Transplantation of iPSC-derived M2 microglia. Microglia can be generated from hiPSCs through three techniques (a–c). Afterwards, microglia are induced to the M2 phenotype by using oxygen–glucose deprivation technique or IL-4 co-culture treatment. Direct transplantation of M2 microglia into the subretinal space can influence the immune microenvironment and alleviate retinal inflammation.

After the production of microglial cells, the next step is to drive them to transform into the M2 phenotype. Several methods have been developed to induce polarization in vitro (Figure 4). IL-4 is a cytokine that promotes tissue repair and M2 microglial polarization. According to one study using different concentrations (20 or 40 ng/ml) of IL-4, Arg1 (the M2 marker) expression significantly increased to similar levels in both groups, indicating the dose-independent characteristic of the M2 polarization-stimulating effect of IL-4 (Kobashi et al., 2020). In another study, after preconditioning by oxygen–glucose deprivation, microglia polarized to the M2 phenotype. Under this condition, cultures containing low-glucose medium were first placed in a hypoxia chamber (95% N2 + 5% CO2) for 1 h and then closed for 18 h (Kanazawa et al., 2017). In addition, several drugs, such as minocycline (Ahmed et al., 2017) and Lycium barbarum (Li et al., 2019b), were reported to modulate microglial polarization from the M1 to M2 phenotype in some in-vivo models. However, further studies are needed to determine whether they can be used to induce M2 polarization of microglia in vitro.

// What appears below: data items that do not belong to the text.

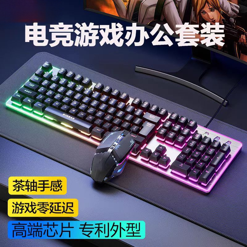 Set Keyboard Kabel Game E-sports Set Keyboard dan Mouse Mekanik Rasa Meja Laptop Kantor Telinga Senyap Grosir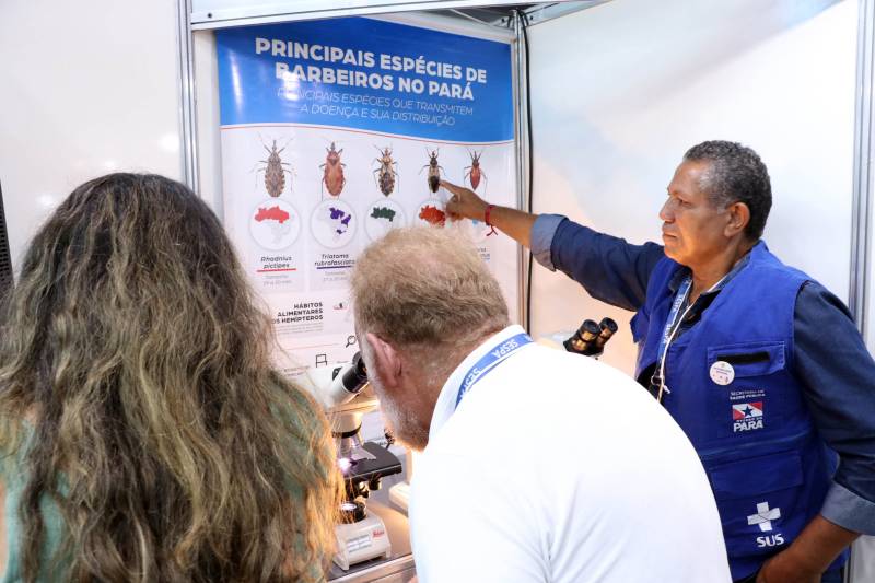 O estande da Sespa é um ponto de apoio e informação, onde os visitantes podem aprender sobre as atividades da Secretaria, como boas práticas na manipulação do açaí e a importância de medidas de segurança para evitar a contaminação do fruto. Técnicos estão disponíveis para esclarecer dúvidas e orientar sobre como minimizar os riscos da transmissão oral da doença de Chagas.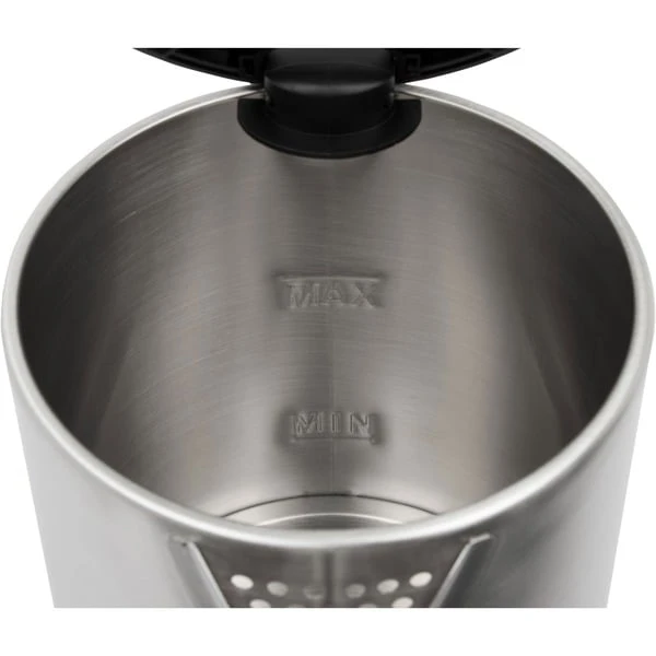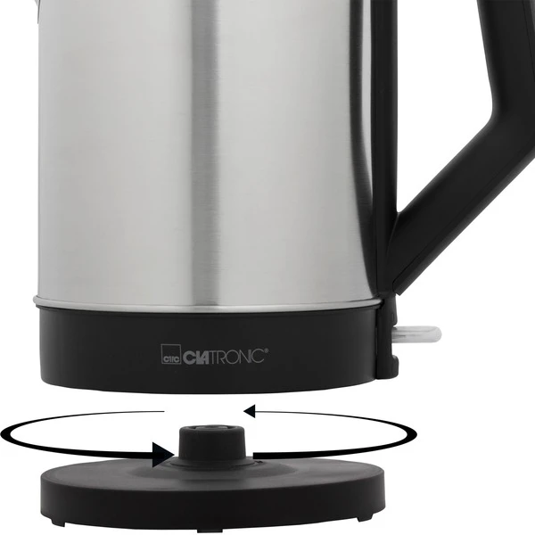 Der Wasserkocher WKS 3692 mit Edelstahlgehäuse von Clatronic überzeugt mit 1,5 l Füllmenge einer Leistung von 1000 Watt. Dank des Sicherheits-Klappdeckels kann der WKS 3692 mit einer Hand geöffnet und befüllt werden. Die Bedienung erfolgt über einen blau beleuchteten Ein-/Ausschalter. Zur besseren Reinigung ist das Edelstahl-Heizelement verdeckt. Für Sicherheit sorgen der Überhitzungsschutz und die Abschaltautomatik.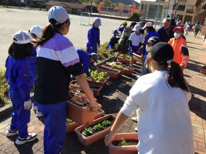 先週つくった土に、パンジーなどの苗をうえました。プランターは、チームごとに工夫しながら並べていきました。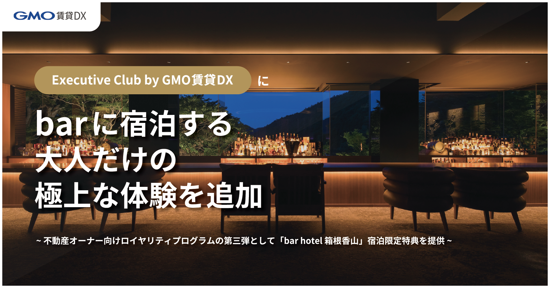 これにより、「Executive Club by GMO賃貸DX」をご利用いただいているオーナーは、「barに泊まる」をコンセプトにした隠れ家ホテル「bar hotel 箱根香山」での当プログラム限定の宿泊特典を受けることができます。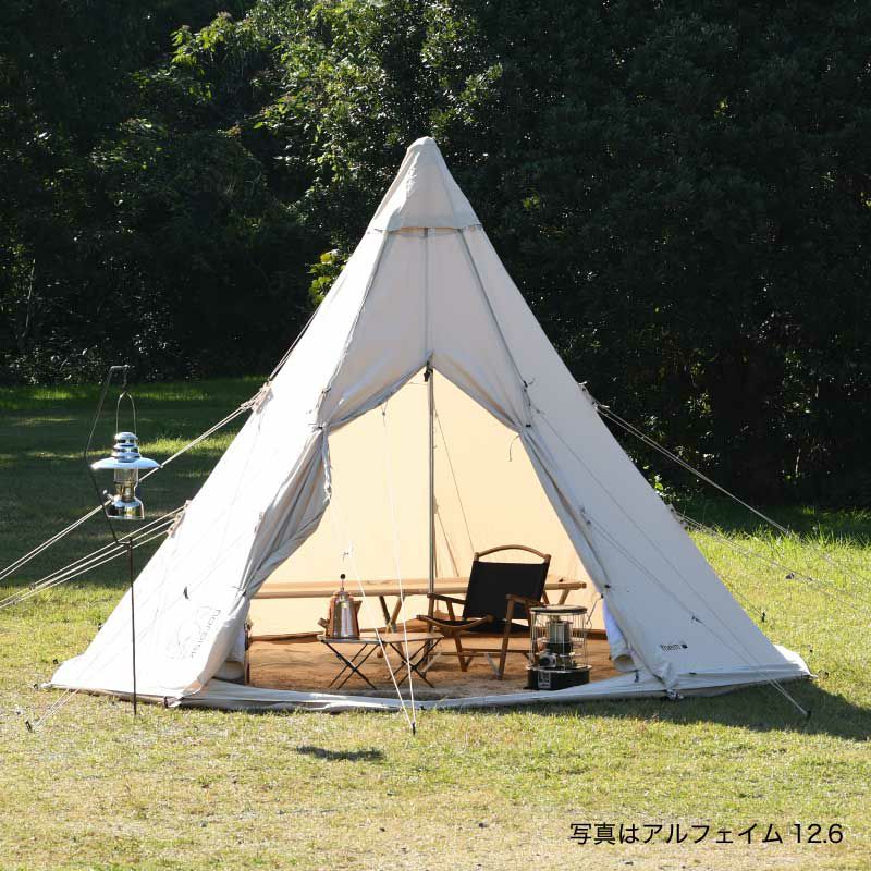 【2~7人専用!Nordiskの代表モデル!!ティピ型テント Alfheim 19.6 Basic Cotton Tent(アルフェイム 19.6 ベーシック コットン テント)】 クラシカルなティピ型で綺麗な円錐型モデル。トップにベンチレーションが付いており、フロアを外せば、中で料理や小さな焚火も可能です。センターポール1本だけで簡単に組み立てることができます。上のベンチレーションは中から調節可能。 優れたベンチレーション機能で室内環境も快適。窓と出入り口はメッシュ付きで虫よけも安心。インナーキャビンは別売りです。

Although current studies are still in their infancy, the development of iPSC-derived microglia has provided insights into the production of abundant M2 microglia for transplantation. As studies in the brain have proven the feasibility and advantages of M2 microglial transplantation, we predict that the transplantation of M2 microglia will also become a proper and effective method to treat RDDs.

7 Conclusion

In recent years, SCT in subjects with other neurological disorders has been proven to exert positive effects of switching the polarization of microglia from the M1 to M2 phenotype, providing good examples for the application of SCT in the treatment of RDDs by targeting microglial polarization. However, the function of regulating microglial polarization by SCT in the retina is rarely reported and limited in the field of MSCs. Thus, we wondered if solutions were available to improve this situation and proposed some expectations for SCT to be a better treatment for RDDs, which may be helpful for future research. We postulate that the therapeutic effects of SCT will be improved by cotransplantation therapy with MSC-derived exosomes, which enhance M2 microglial polarization and create an optimized environment for the survival of transplanted cells to achieve better results. Besides, advances in iPSC-derived microglia may promote the development of transplantation of M2 microglia to treat RDDs and alleviate retinal inflammation.